Let's mention the good stuff first: it has better acting than the first one. The photography is better, and the scenes don't appear to be as "stagey" as they are in the original.

The packaging for the DVD I bought doesn't have a printed index of scenes inside of it. I could see leaving out discount coupons for a theatrical release, but why leave out something so basic and standard as an index? Unless, perhaps, the filmmakers were convinced that there AREN'T ANY "memorable" scenes that the viewer would WANT to jump to.

Philosophically, the film has its problems. There's an awful lot of deception and lying by our Trib Force heroes and heroines- and that's just toward each other. The people don't seem to act the way normal folks caught up in this extraordinary series of events would.

And I'm sorry, but if anyone -even the anti-Christ- told me that those millions who vanished did so because of "accumulated nuclear radiation" (in the first film) from nuclear testing I'd have to laugh.
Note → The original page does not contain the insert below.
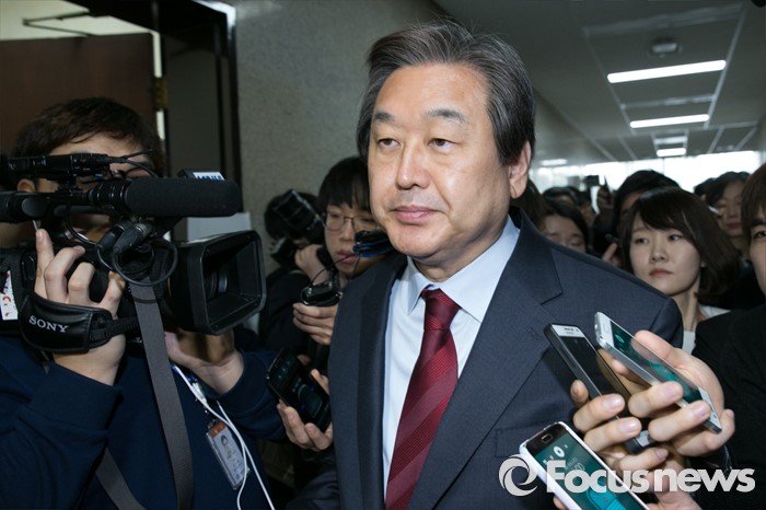 (서울=포커스뉴스) 김무성 새누리당 대표가 21일 오전 서울 여의도 국회에서 열린 최고위원회를 마친 뒤, 기자들의 질문을 들으며 밖으로 나가고 있다.

You wouldn't buy that unless your entire cognitive ability had somehow been shut-off. This applies as well for the idea that the whole world would embrace one religion in order to achieve world peace (in the second movie.) If it could happen, the folks left behind would be more likely than not to EMBRACE CHRISTIANITY, not reject it. The Rapture is in the Bible, after all (even though the word isn't used.)

As you'd expect, Jews and New-Agers alike take a whupping in this movie. The greatest of theologians, a Jew, publicly confesses that his religion has been wrong all these years and that Jesus is the true messiah (which is patently untrue, as a close reading of the Hebrew Scriptures reveals.) The New-Age types get it from the rainbowish New Religion's emblem, which we get to see.

At least this one has a Bloopers and Outtakes section, thus showing that CT has a sense of humor of some sort. It makes the film seem more user-friendly, and makes the filmmakers seem less stuck-up on their own pretentions. I guess someone saw MST3K's "Poopie Reel" and took the hint.

I can only end by saying that Cloud Ten needs to work on its offerings a lot more. It's well acted, as I said, but the movie kept tripping over its own illogicalities.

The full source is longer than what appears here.